Eventually, this all ends with the selling of the family home. I’m still trying to come to grips with this one…This was the built environment where we shaped our lives, it sheltered us, was a gathering place for life’s most important events, and essentially the aircraft carrier of our lives–a place we took off and landed from birth to death. It’s challenging to think it will not be in the family anymore; nor will the landline phone number that I called to report in my entire life.

This structure will soon house a new family, with new events and life will go on and the cycle continues…

Emotional Agility

I came across a book by Susan David, PhD, that has been of solace during this of change and loss. Emotional Agility is rich in concepts and a somewhat contrarian view of difficult emotions:

Emotional Agility is a process that allows you to be in the moment, changing or maintaining your behaviors to live in ways that align with your intentions and values. The process isn’t about ignoring difficult emotions and thoughts. It’s about holding those emotions and thoughts loosely, facing them courageously and compassionately, and then moving past them to make big things happen in your life (p.11). 
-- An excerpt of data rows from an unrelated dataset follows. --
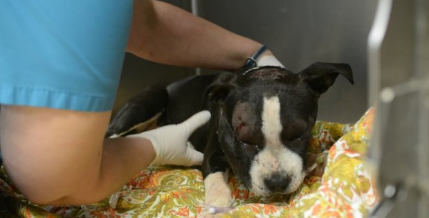 A sweet bulldog mix was found homeless in September of 2015 by her rescuers who immediately knew that had to save her. She had lost all of her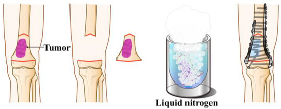 - Tsuchiya, H.; Wan, S.L.; Sakayama, K.; Yamamoto, N.; Nishida, H.; Tomita, K. Reconstruction using an autograft containing tumour treated by liquid nitrogen. J. Bone Jt. Surg. Br. 2005, 87, 218–225. [Google Scholar] [CrossRef]
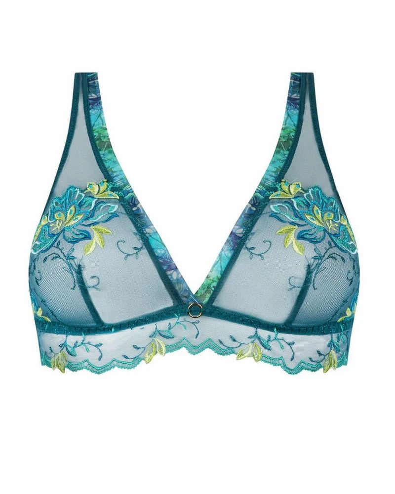 Le soutien-gorge triangle de Lise Charmel procure un porté naturel et agréable. Les bonnets en satin de soie sont incrustés d’une broderie sur tulle. Sa coupe moderne illuminée par des bijoux dorés met en valeur les courbes féminines, pour plus de sensualité et de glamour.
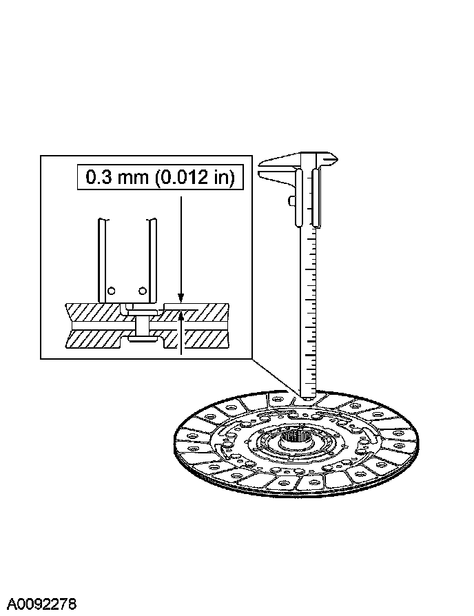 2. Check for a worn clutch disc lining. Measure the minimum allowable depth to the rivet heads with a slide caliper.

The author, for me, hits the nail on the head concerning coming to grips with our aging parents with this following paragraph:

In fact, one of the great paradoxes of human experience is that we can’t change ourselves or our circumstances until we accept what exists right now. Acceptance is a prerequisite for change. This means giving permission for the world to be as it is, because it’s only when we stop trying to control the universe that we make peace with it. We still don’t like the things we don’t like; we just cease to be at war with them. And once the war is over, change can begin.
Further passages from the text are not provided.